→ DATASET CONTENT:

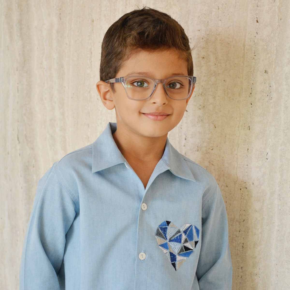 An abstract colourful heart, adding some quirk to the shirt äóñ for a fun playdate or a party, this shirt is versatile for all! Made from high-quality, breathable cotton denim fabric, this shirt ensures comfort for your child.Œæ
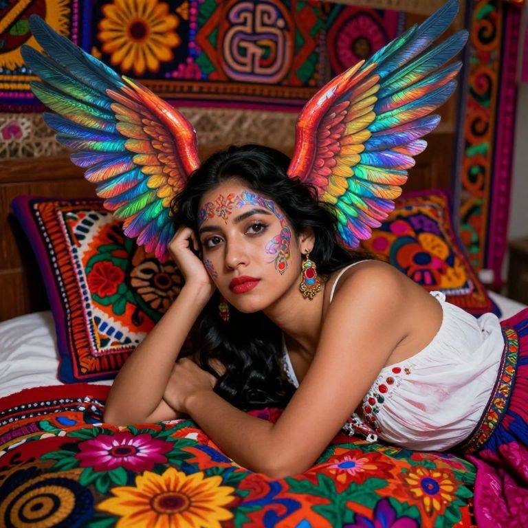 Photograph of a young woman with long black hair, wearing a colorful flower crown, butterfly wings, and elaborate traditional jewelry. She is dressed in a blue off-shoulder dress adorned with intricate beadwork and turquoise stones. Her hands are clasped near her mouth, conveying a surprised or shy expression. Her butterfly wings are vibrant with orange, yellow, and black patterns. The background is a lush, green forest, adding a natural, magical ambiance to the scene. The woman's skin tone is a warm brown, and her expression is gentle and expressive. The overall style combines elements of fantasy and traditional culture.
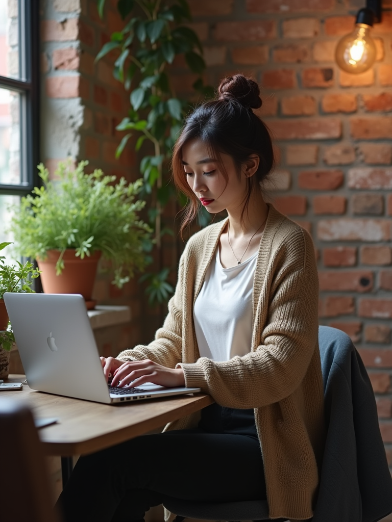 innovative model wearing stylish cardigan with slim-fit pants working on laptop in industrial-chic office, exposed brick walls, plants, warm lighting
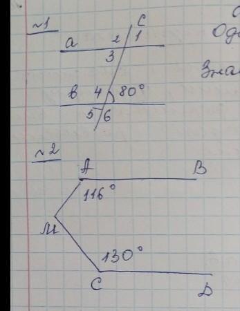 Задача 1: Дано: a II b, c - січна, один з кутів 80 градусів. Знайти: кут 1,2,3,4,5,6
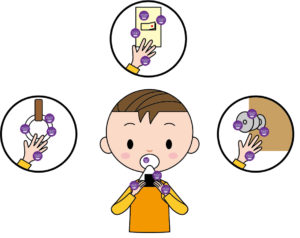 外から帰ってきた時、食事の前やトイレ後などは必ず手を洗うようにします。料理の提供者も料理をする前には指の間や指先から手首にかけて念入りに洗います。うがいは、はじめは口の中からのどを洗えるよう、「くちゅくちゅ」と「ガラガラ」うがいの両方をします。
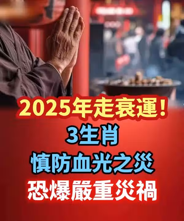 2025年,《搜狐網》命理專欄點名「3生肖」,在2025年可能會遇到血光之災,這可能是一個充滿考驗與挑戰的嶄新年度,需要格外謹慎小心,特別注意自身安全及健康問題,才能避免意外的發生,化險為夷。
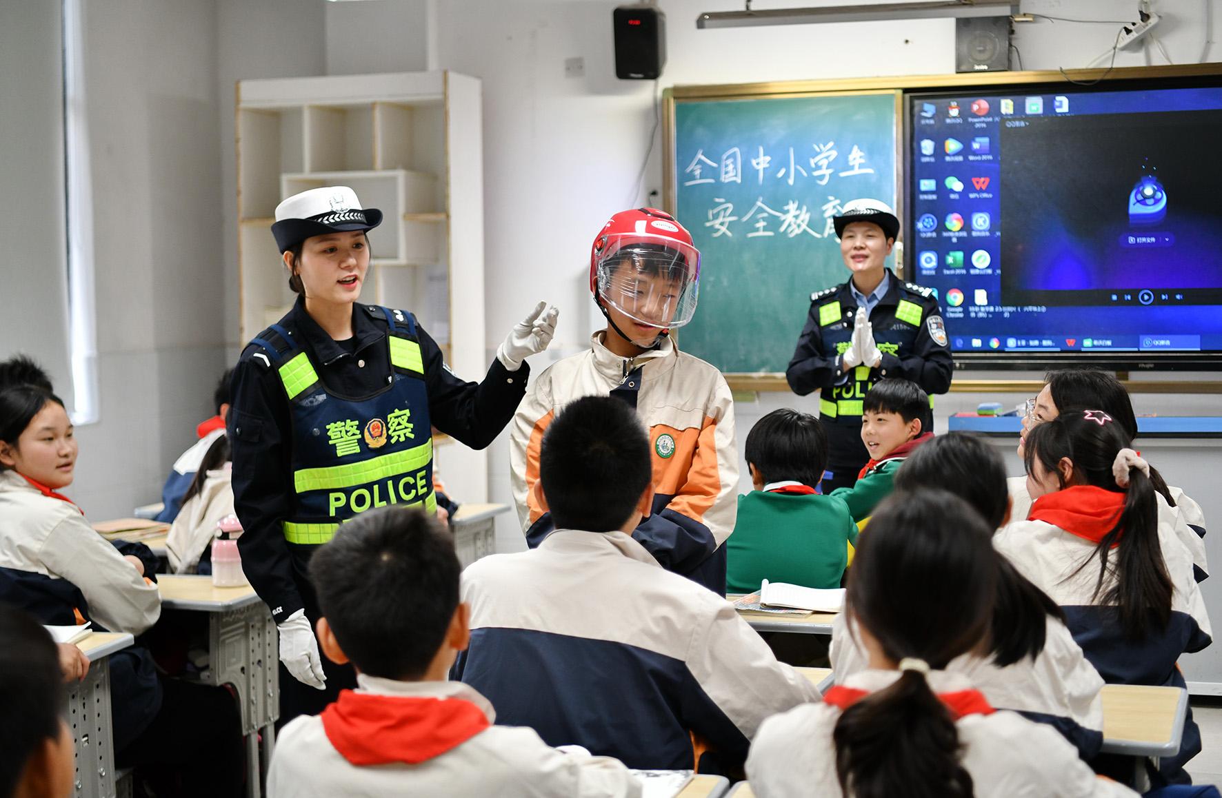 3月27日,在第30個“全國中小學(xué)生安全教育日”來臨之際,福建省福州市鼓樓區(qū)交警大隊民警聯(lián)合社區(qū)志愿者,走進(jìn)斗南小學(xué)開展“平安伴我成長 交通安全宣教”主題教育活動。
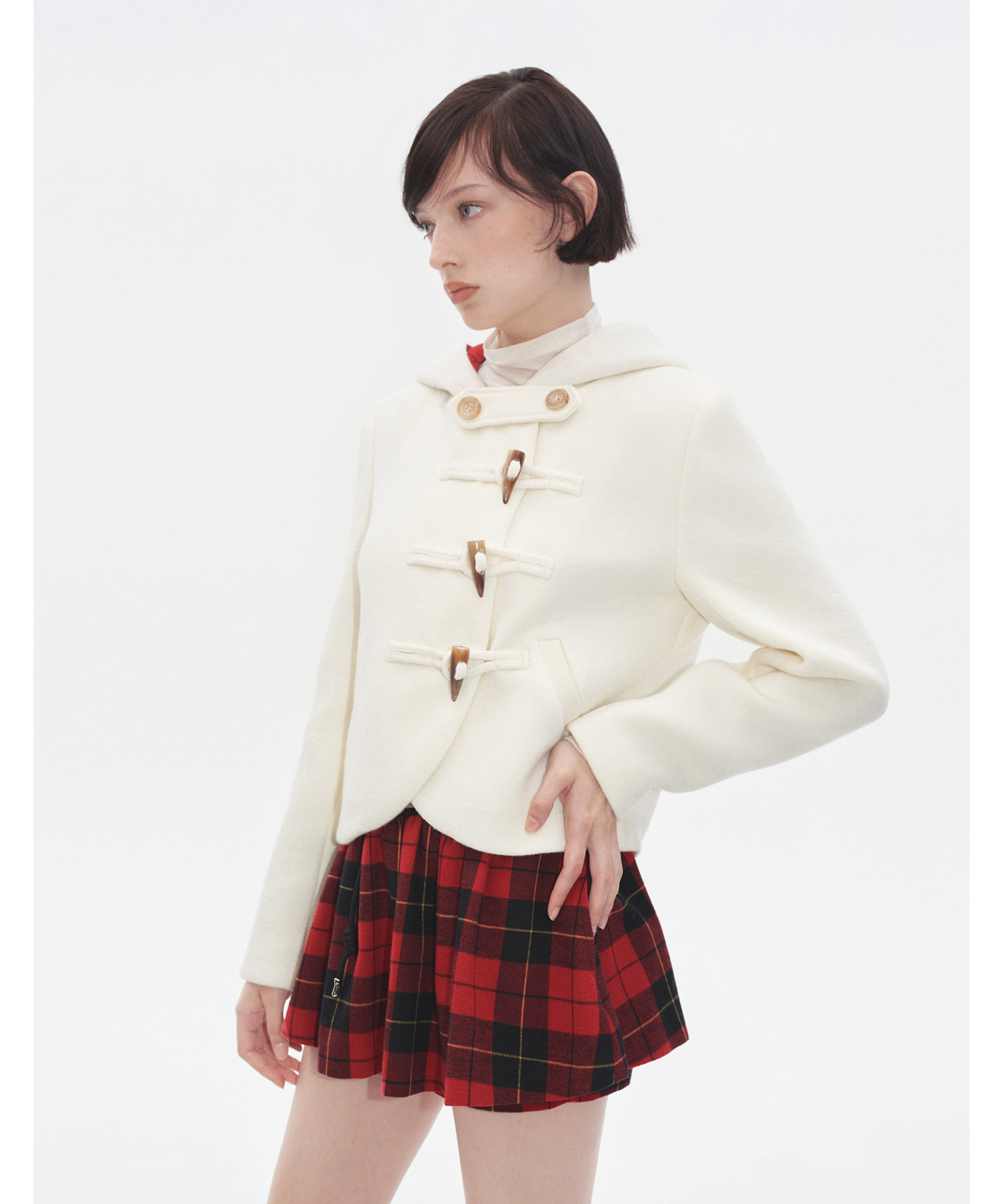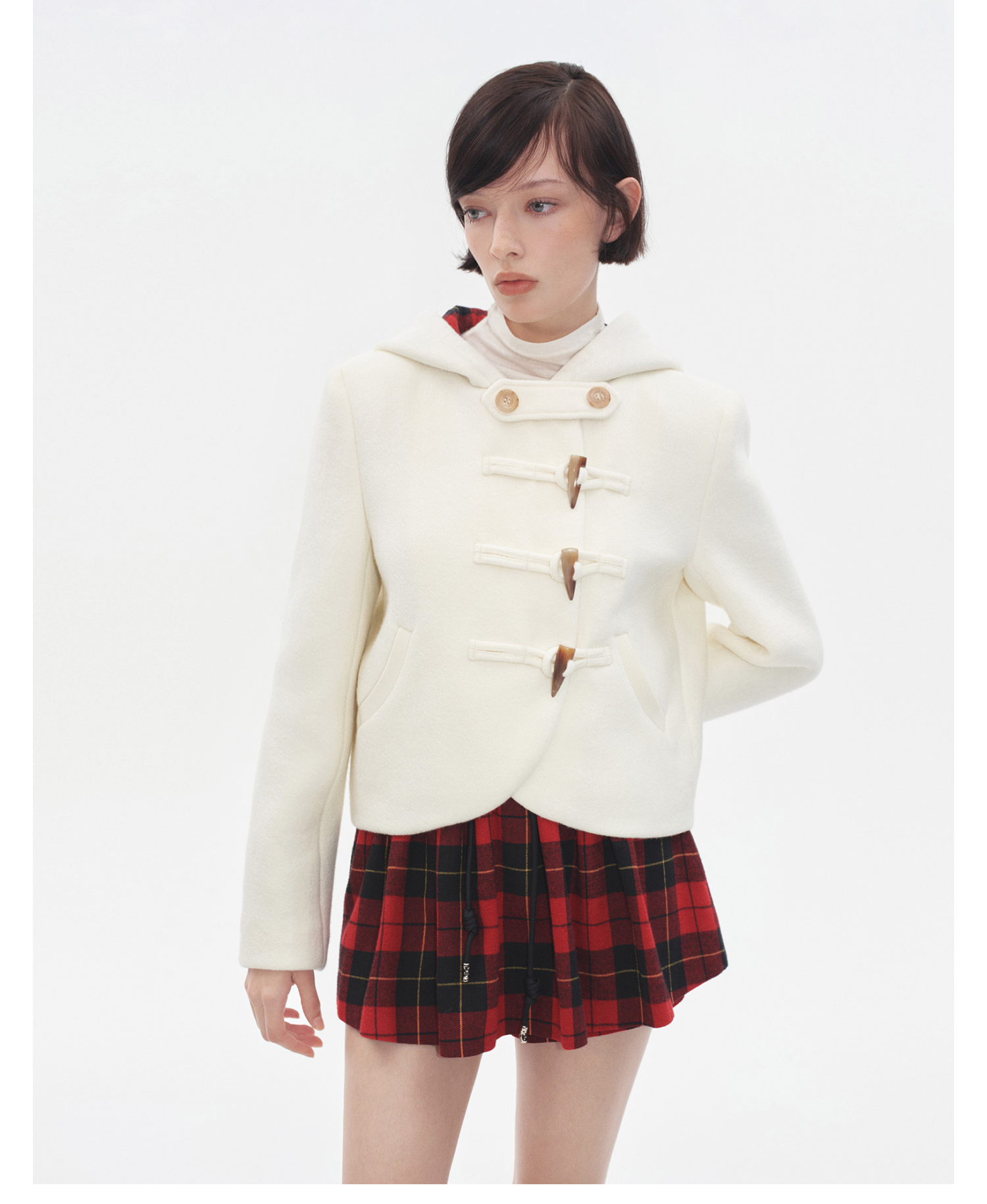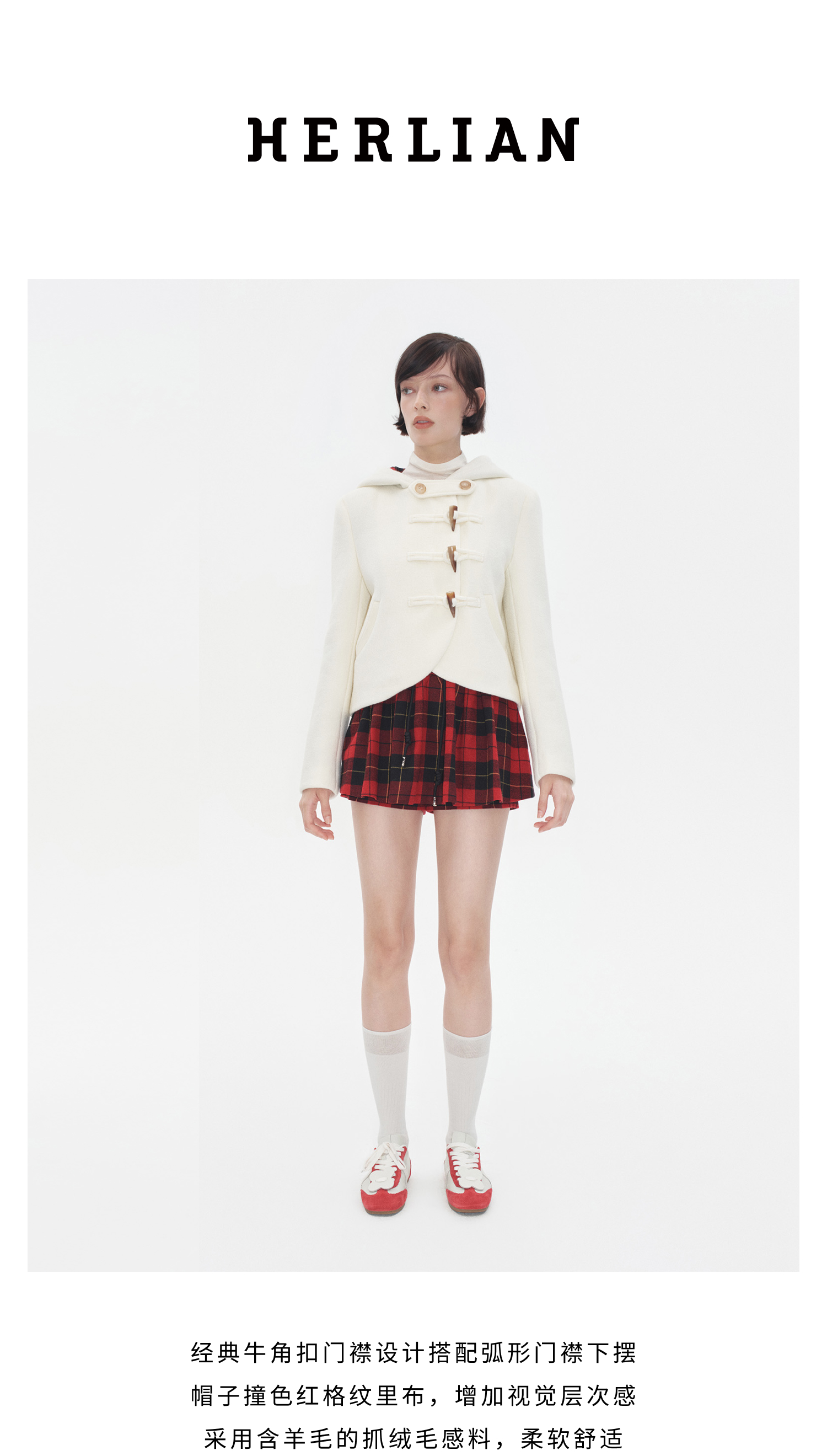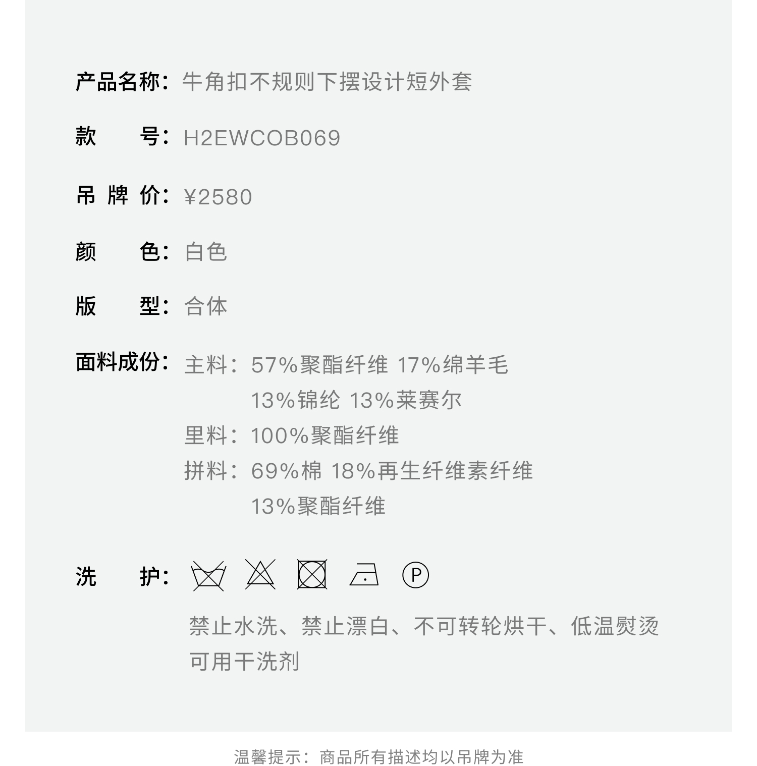 HERLIAN 2025秋季新品女士牛角扣不规则下摆设计短外套

→ TASK ITEM:
What is needed is an exact repeat of only the lines from the one containing "innovative model wearing" through the last line of the listing above, both ends included, without the pictures.

→ OUTPUT FOR THIS TASK:
 innovative model wearing stylish cardigan with slim-fit pants working on laptop in industrial-chic office, exposed brick walls, plants, warm lighting
 Задача 1: Дано: a II b, c - січна, один з кутів 80 градусів. Знайти: кут 1,2,3,4,5,6
 外から帰ってきた時、食事の前やトイレ後などは必ず手を洗うようにします。料理の提供者も料理をする前には指の間や指先から手首にかけて念入りに洗います。うがいは、はじめは口の中からのどを洗えるよう、「くちゅくちゅ」と「ガラガラ」うがいの両方をします。
 2025年,《搜狐網》命理專欄點名「3生肖」,在2025年可能會遇到血光之災,這可能是一個充滿考驗與挑戰的嶄新年度,需要格外謹慎小心,特別注意自身安全及健康問題,才能避免意外的發生,化險為夷。
 3月27日,在第30個“全國中小學(xué)生安全教育日”來臨之際,福建省福州市鼓樓區(qū)交警大隊民警聯(lián)合社區(qū)志愿者,走進(jìn)斗南小學(xué)開展“平安伴我成長 交通安全宣教”主題教育活動。
 HERLIAN 2025秋季新品女士牛角扣不规则下摆设计短外套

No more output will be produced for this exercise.